Your goal — Please give again every entry exactly as it appears, setting aside the pictures.

** Supplied material follows **

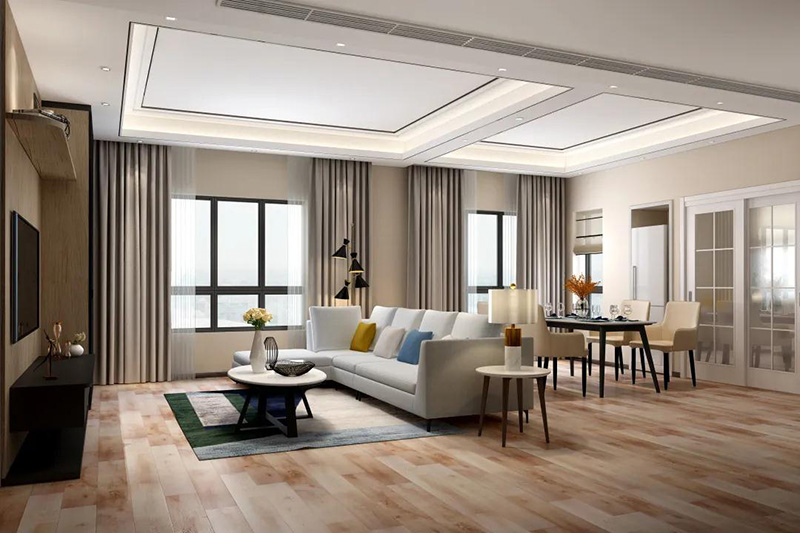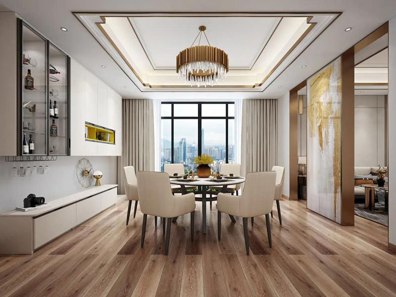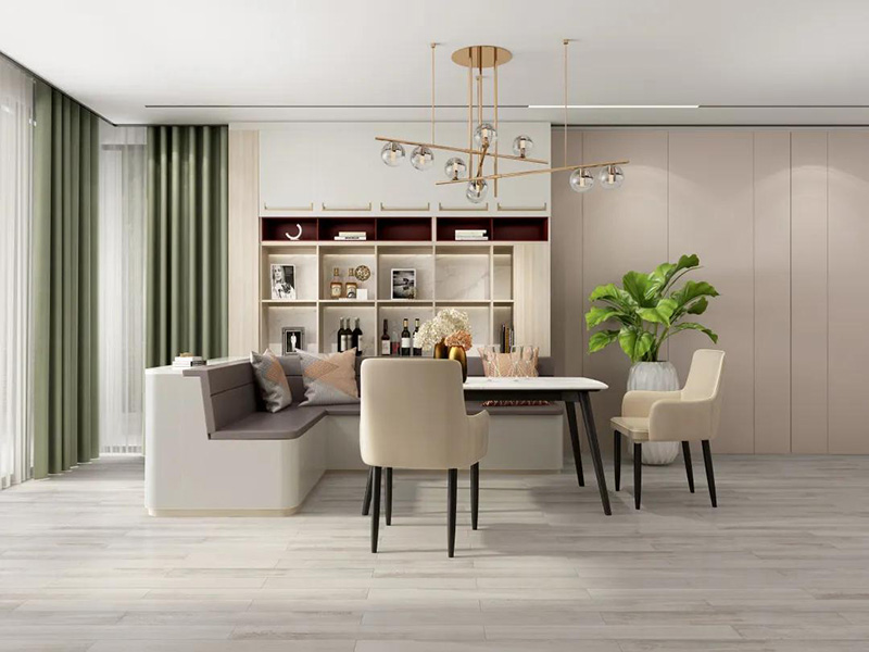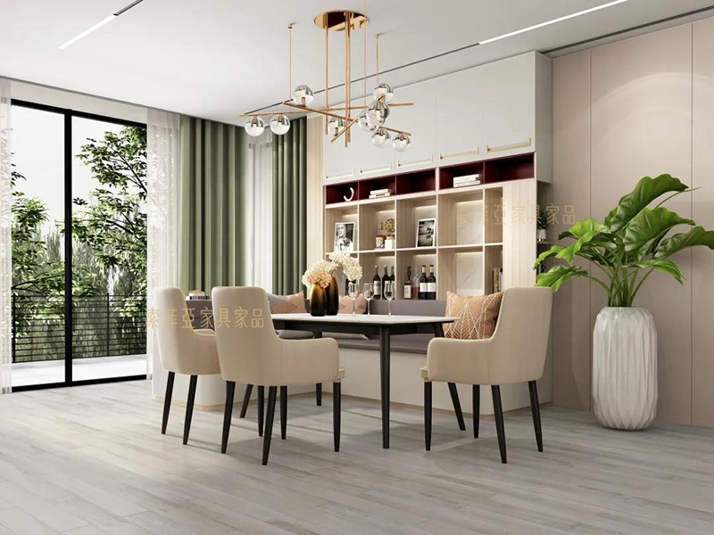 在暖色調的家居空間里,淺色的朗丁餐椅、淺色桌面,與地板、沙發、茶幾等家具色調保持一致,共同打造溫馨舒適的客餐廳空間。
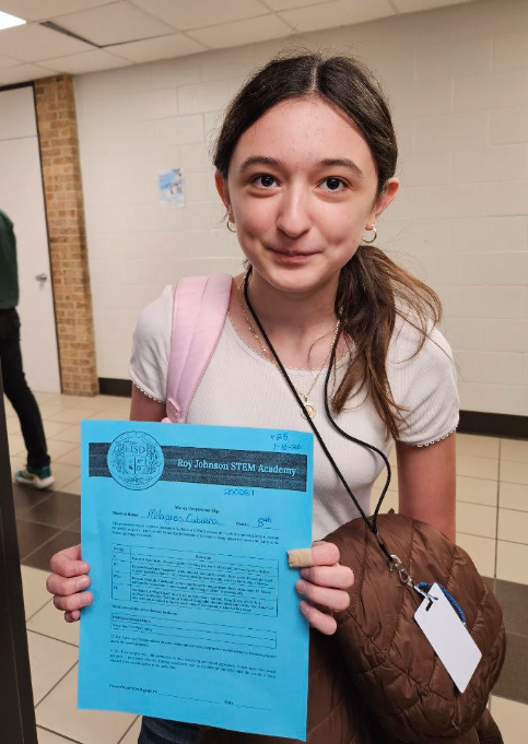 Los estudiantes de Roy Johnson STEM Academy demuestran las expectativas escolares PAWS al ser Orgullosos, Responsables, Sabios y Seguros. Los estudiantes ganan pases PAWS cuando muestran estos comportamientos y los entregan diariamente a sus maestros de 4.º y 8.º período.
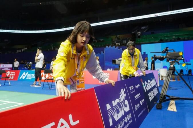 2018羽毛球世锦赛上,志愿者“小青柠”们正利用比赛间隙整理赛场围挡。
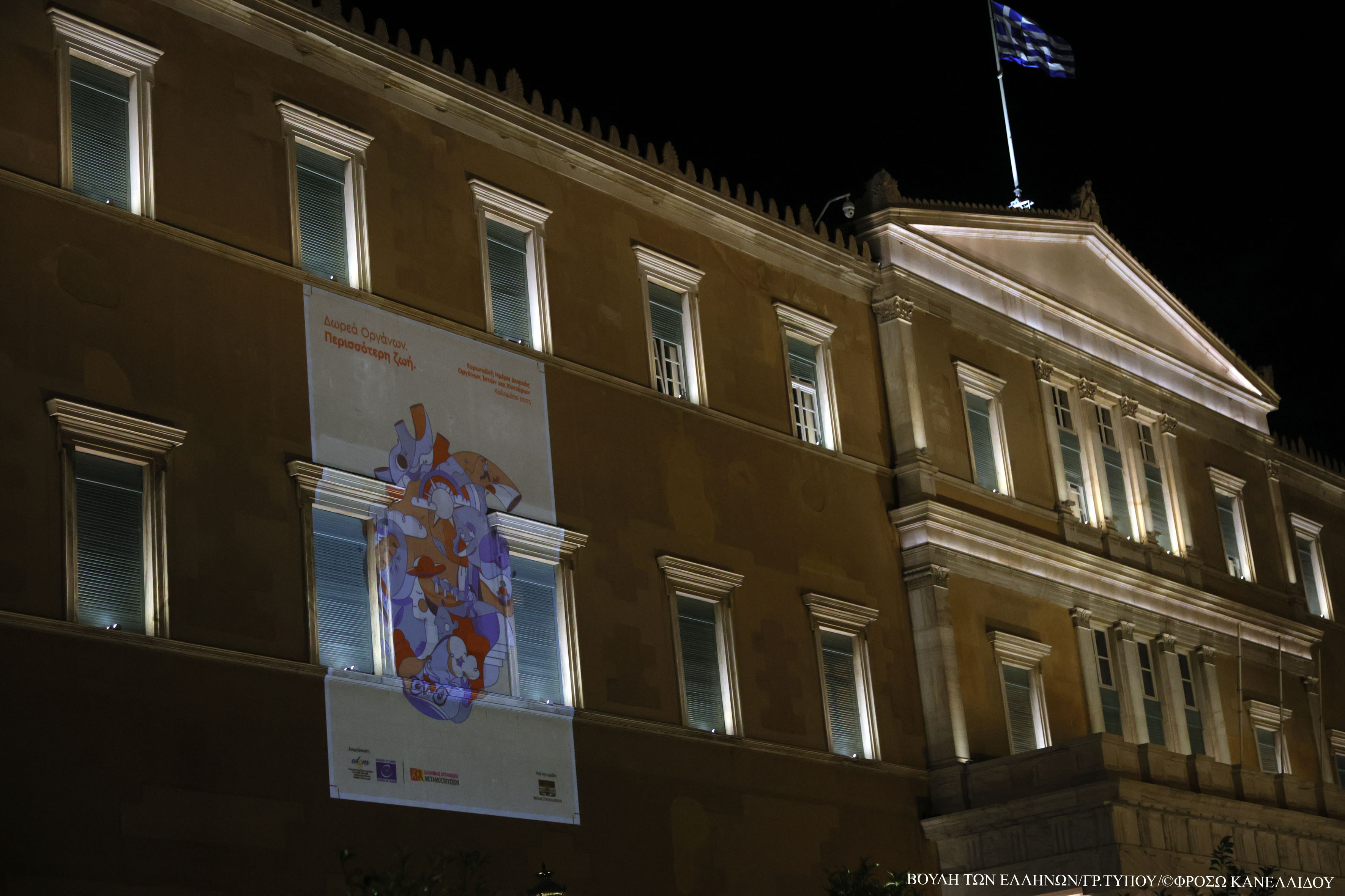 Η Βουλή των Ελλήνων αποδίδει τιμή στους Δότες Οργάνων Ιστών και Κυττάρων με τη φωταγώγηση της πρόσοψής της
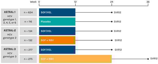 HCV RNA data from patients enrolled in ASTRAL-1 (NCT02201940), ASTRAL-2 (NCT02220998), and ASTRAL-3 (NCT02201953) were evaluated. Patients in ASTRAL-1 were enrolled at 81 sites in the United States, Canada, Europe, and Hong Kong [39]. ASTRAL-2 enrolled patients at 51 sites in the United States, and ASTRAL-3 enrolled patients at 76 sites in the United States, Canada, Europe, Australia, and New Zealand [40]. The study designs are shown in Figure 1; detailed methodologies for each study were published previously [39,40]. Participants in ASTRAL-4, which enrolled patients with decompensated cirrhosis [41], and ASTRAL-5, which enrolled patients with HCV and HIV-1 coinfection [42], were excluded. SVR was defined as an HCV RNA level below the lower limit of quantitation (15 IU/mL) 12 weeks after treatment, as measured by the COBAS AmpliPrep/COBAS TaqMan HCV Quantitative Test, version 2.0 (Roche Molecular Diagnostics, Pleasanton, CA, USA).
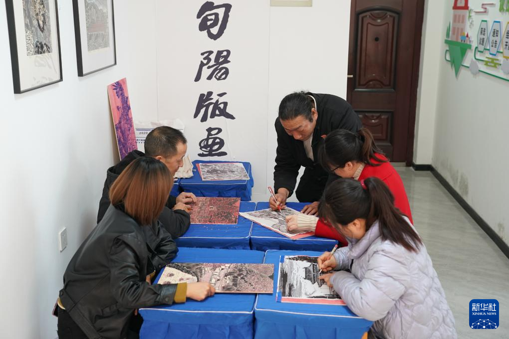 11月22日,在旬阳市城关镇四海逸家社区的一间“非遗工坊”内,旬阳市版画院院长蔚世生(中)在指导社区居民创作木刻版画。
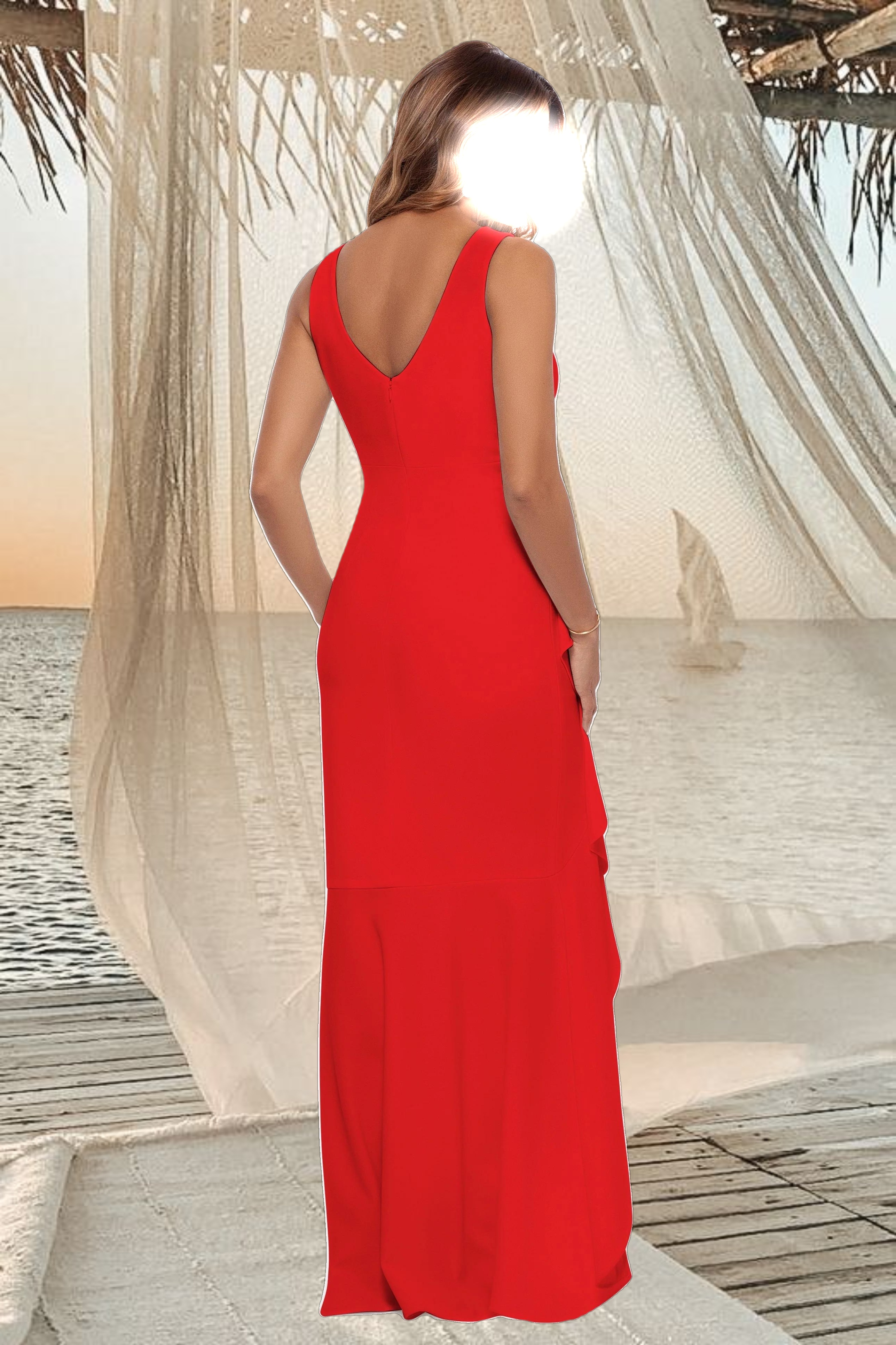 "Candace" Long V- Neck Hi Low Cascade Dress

** End of Supplied material **

Solved exercise —
 在暖色調的家居空間里,淺色的朗丁餐椅、淺色桌面,與地板、沙發、茶幾等家具色調保持一致,共同打造溫馨舒適的客餐廳空間。
 Los estudiantes de Roy Johnson STEM Academy demuestran las expectativas escolares PAWS al ser Orgullosos, Responsables, Sabios y Seguros. Los estudiantes ganan pases PAWS cuando muestran estos comportamientos y los entregan diariamente a sus maestros de 4.º y 8.º período.
 2018羽毛球世锦赛上,志愿者“小青柠”们正利用比赛间隙整理赛场围挡。
 Η Βουλή των Ελλήνων αποδίδει τιμή στους Δότες Οργάνων Ιστών και Κυττάρων με τη φωταγώγηση της πρόσοψής της
 HCV RNA data from patients enrolled in ASTRAL-1 (NCT02201940), ASTRAL-2 (NCT02220998), and ASTRAL-3 (NCT02201953) were evaluated. Patients in ASTRAL-1 were enrolled at 81 sites in the United States, Canada, Europe, and Hong Kong [39]. ASTRAL-2 enrolled patients at 51 sites in the United States, and ASTRAL-3 enrolled patients at 76 sites in the United States, Canada, Europe, Australia, and New Zealand [40]. The study designs are shown in Figure 1; detailed methodologies for each study were published previously [39,40]. Participants in ASTRAL-4, which enrolled patients with decompensated cirrhosis [41], and ASTRAL-5, which enrolled patients with HCV and HIV-1 coinfection [42], were excluded. SVR was defined as an HCV RNA level below the lower limit of quantitation (15 IU/mL) 12 weeks after treatment, as measured by the COBAS AmpliPrep/COBAS TaqMan HCV Quantitative Test, version 2.0 (Roche Molecular Diagnostics, Pleasanton, CA, USA).
 11月22日,在旬阳市城关镇四海逸家社区的一间“非遗工坊”内,旬阳市版画院院长蔚世生(中)在指导社区居民创作木刻版画。
 "Candace" Long V- Neck Hi Low Cascade Dress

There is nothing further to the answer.